At 9 months, paclitaxel-eluting stents reduced the primary endpoint of ischemia-driven target vessel revascularization by 61% (4.7% vs 12.0%; RR 0.39; 95% CI 0.26-0.59). There were no differences in death from cardiac causes (1.4% vs 1.1%), MI (3.5% vs 3.7%), or stent thrombosis (0.6% vs 0.8%).
In a prespecified subset of patients who underwent coronary angiography at 9 months, paclitaxel-eluting stents were associated with better angiographic features compared to bare-metal stents.
Conclusions: In patients with stable and unstable angina (not acute MI), paclitaxel-eluting stents significantly reduced ischemia-driven target vessel revascularization at 9 months of follow-up with a number needed to treat of approximately 14 patients. There were no differences in any hard endpoints.
While some would hail this as a remarkably positive trial we have reservations. Firstly, the primary endpoint is not symptom-driven and it should be regarded as a surrogate endpoint. At the time this trial was undertaken it was routine practice for patients to undergo surveillance testing with ECG’s and functional tests following coronary revascularization and this is likely how the majority of patients came to undergo revascularization (not via a symptom-driven route). Had these elective revascularizations not occurred, it is unknown whether it would have resulted in any deleterious consequences.

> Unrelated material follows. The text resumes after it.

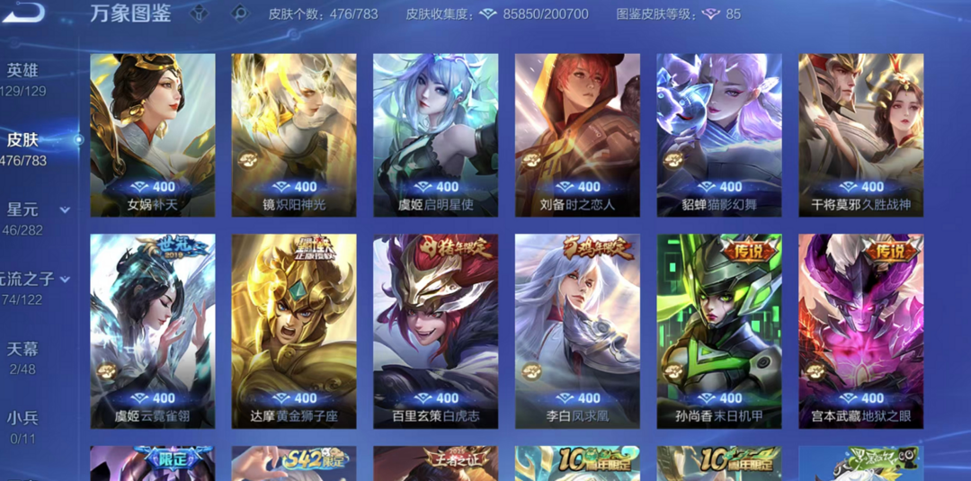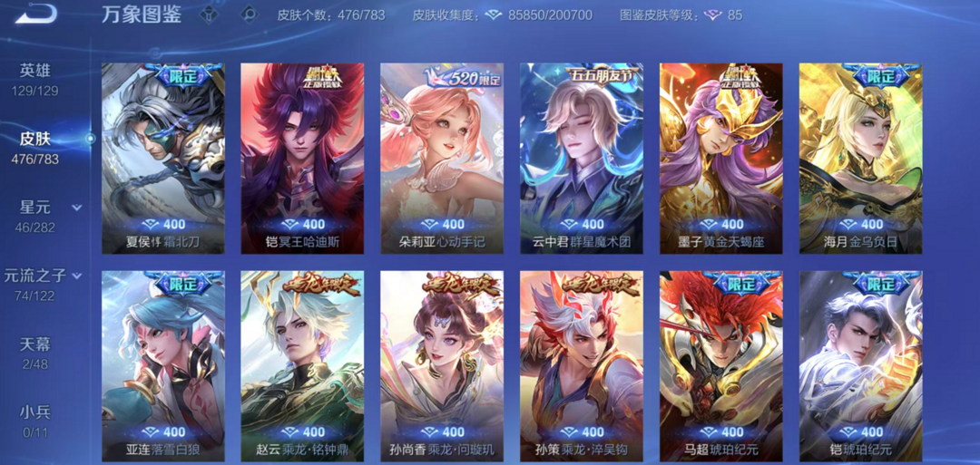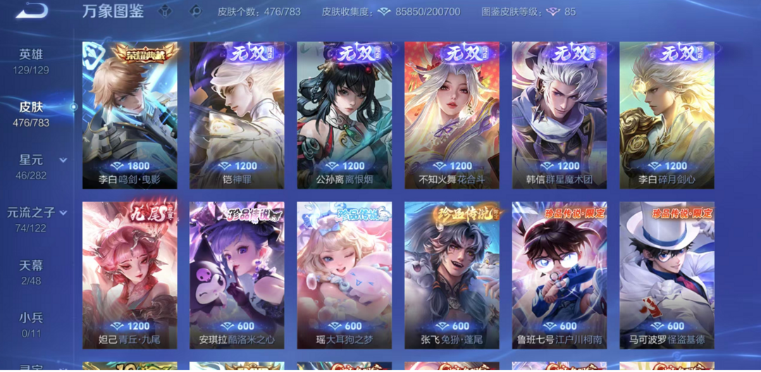 v10、12水562皮、死亡执政官、刘备星传说时之思念、小兵皮肤大耳狗甜茶、瑶无双真我赫兹、愿照·九州拓、怪盗基德、画中仙、至尊宝、凤求凰、神威、天魔缭乱

Second, patients enrolled in the trial were highly selected and no information is provided in the main manuscript on how many underwent screening. Commonly-occurring angiographic features of coronary lesions, for which patients undergo PCI, were excluded (i.e., ostial and bifurcating lesions, lesions in vessels with reference vessel diameters <2.5 mm, etc.).

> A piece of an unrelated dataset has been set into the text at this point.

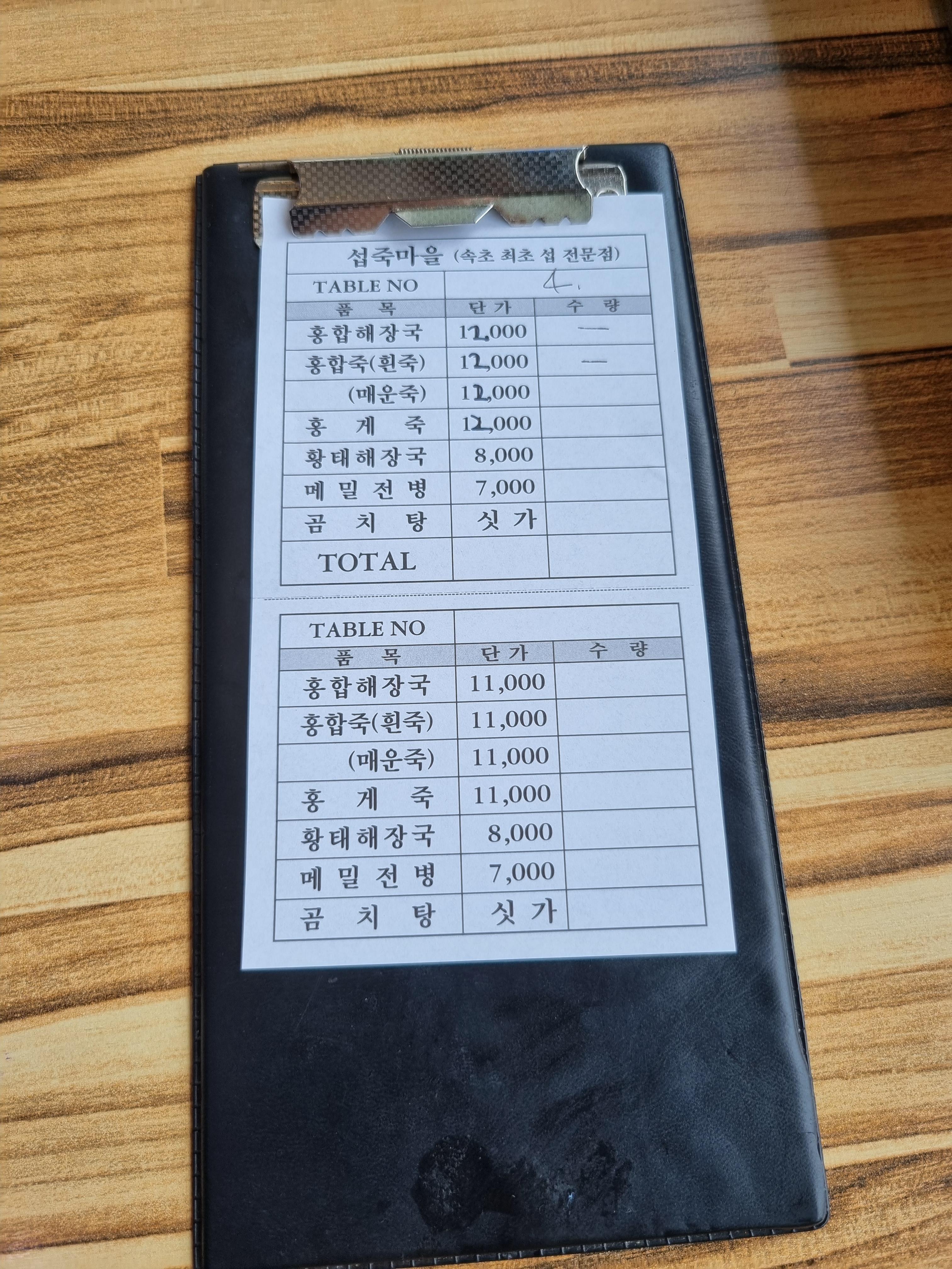 본죽이나 죽을 파는 가게에서는 본 기억이 없는 단어인 " 섭죽 " 을 속초에 와서 배워갑니다.

Third, there were no differences in hard outcomes like death from cardiac causes, MI or stent thrombosis but the trial was not powered for these events. It cannot be determined from this study whether target-vessel revascularization even improved symptoms or any other proxy measure of quality of life.
In conclusion, the TAXUS-IV trial demonstrated that paclitaxel-eluting stents reduced the surrogate endpoint of target lesion revascularization at 9 months compared to bare-metal stents in highly selected patients with stable coronary disease. Whether this translates into improvements in hard endpoints or even patient-centered endpoints cannot be answered by this study.
Thank you for another excellent analysis. One question: having retired from active practice prior to the frequent installation of shunts, I haven't followed the details very closely; how long do the "eluting" stents continue to give off medication?